The second lowest eigenvalue of this operator is $(a^2+\theta)$, it can not 
become tachyonic, so it can not lead to any instability.

\subsec{$T^4$ member of Lagrangian. ``Stable'' tachyonic vev.}


Since the eigenstates $(V_k)$ of $\IH$ form a complete basis in 
the Hilbert space $H^3$, we can write arbitrary $A_1$ and $\Phi_{2..9}$ as 
\ber
& A_1(t,x)=\Sigma_k Z_{1,k}(t) V_k(x)=
- i Z_{0}(t)e^{-{\theta x^2 \over 2}}+
\Sigma_{k\neq 0} Z_{1k}(t) V_k(x)\\
& \Phi_3(t,x)=\Sigma_k Z_{3,k}(t) V_k(x)=
Z_{0}(t)e^{-{\theta x^2 \over 2}}+
\Sigma_{k\neq 0} Z_{3k}(t) V_k(x)\\
& \Phi_i(t,x)=\Sigma_{k\neq 0} Z_{i,k}(t) V_k(x),\ \ i=2,4..9
\eer{rever}

Of all the original fields, only $A_1$ and $\Phi_3$ contain a tachyon.
Supposing that no other fields are excited, and we are interested in 
the terms in the Hamiltonian containing $Z_0$ only, then we can 
substitute (\ref{rever}) into $H$ and integrate over $x$.
We get the following ``potential'' for (static) $Z_0$:
\beq
{H=
\sqrt{\pi\over\theta}\left((a^2-\theta)Z_0^*Z_0^{ }
+{1\over2\sqrt{2}}(Z_0^*Z_0^{ })^2 \right)+...}
\eeq{forZ}

So when $a^2-\theta<0$ we have the symmetry spontaneously broken, and 
even if we have $Z_0(t=0)=0$, it evolves with time to a non-zero value:
\eqn{vevZ}{\langle Z_0^*Z_0^{ }\rangle=-{(a^2-\theta)}\sqrt{2}}
Assuming $\langle Z_0\rangle$ real we get the following  
stable static 
vevs\footnote{Under the term {\it vev} we assume just a classical solution
for the equations of motion.} for the initial fields
\eqn{vevA}{\langle A_1\rangle =-i\sqrt{-(a^2-\theta)\sqrt{2}}
e^{-{\theta x^2\over2}},}
\eqn{vevF}{\langle\Phi_3\rangle=\sqrt{-(a^2-\theta)\sqrt{2}}
e^{-{\theta x^2\over2}},}
and no other fields evolve to a non-zero static value due to this process.

\subsec{Decay of the initial configuration.}

The initial configuration corresponds to two D-strings crossed. Since 
at the initial moment of time the gauge field is zero, the Wilson's
line is trivial, so the D-strings in the original picture are
distinguishable entities.

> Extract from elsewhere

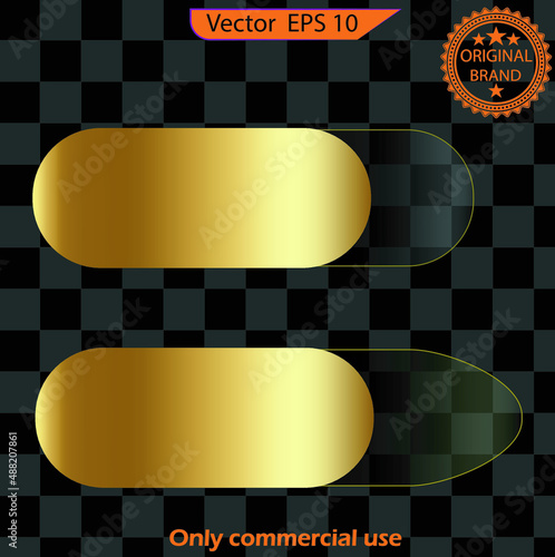 Wall mural set of empty glass gold buttons. button set color gold glossy.
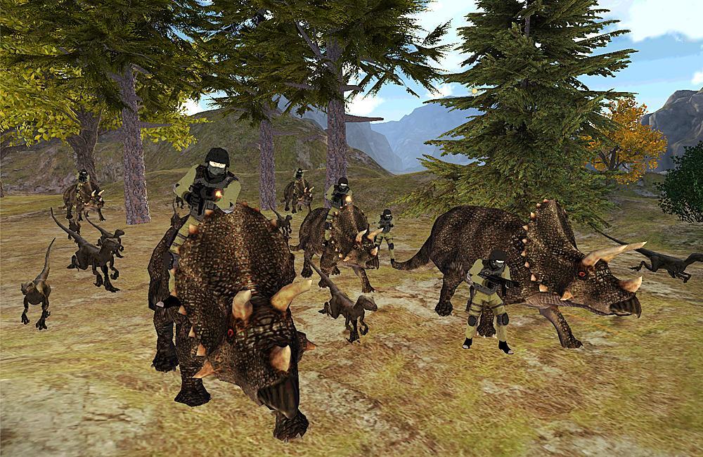 当他追捕熊,狼,猛禽,三角龙和霸王龙雷克斯时,他控制着这个巨大的恐龙。

The
U(2) gauge field $A_1$ becomes non-zero as the time goes on, 
so that the 
\be
\nonumber
\langle{\hat A}_1\rangle=\half\pmatrix{0&\langle A_1(x)\rangle\cr
\langle A_1^*(x)\rangle&0\cr},
\ee
gives a non-trivial Wilson's line for the original (fixed in the 
given framework) diagonal $\Phi_3$ configuration
\eqn{Wil}{ U_p(\infty,-\infty)=Pexp(i\int{\rm d}x\langle\hat A_1(x)\rangle) 
=\pmatrix{\cos(c)& -\sin(c)\cr \sin(c)&\cos(c)\cr},}
where $c=\sqrt{\pi\over\theta\sqrt{2}}\sqrt{-(a^2-\theta)}$

We immediately see, that such a tachyon mediated evolution
mixes the ends of two original D-strings. They do not belong
to different distinguishable D-strings anymore.
A problem with that perturbative solution we found is that it does not exchange
ends completely ($c\neq\pi/2$), but just mixes them. This is
just an artifact of taking a perturbative approach and 
including off-diagonal excitations only. The decay of
the resulting system, consisting of two bent D-strings cannot be found 
in the framework of this chapter, since we did not consider any change
for diagonal part of $\hat \Phi$ matrix, which describes the positions
of two D-branes. The bent D-strings will obviously tend to straighten
themselves, so they effectively will move away from the crossing point. 
We will show
in the next chapter, that the running away solution is indeed a stable 
classical solution for a full non-perturbative interacting theory.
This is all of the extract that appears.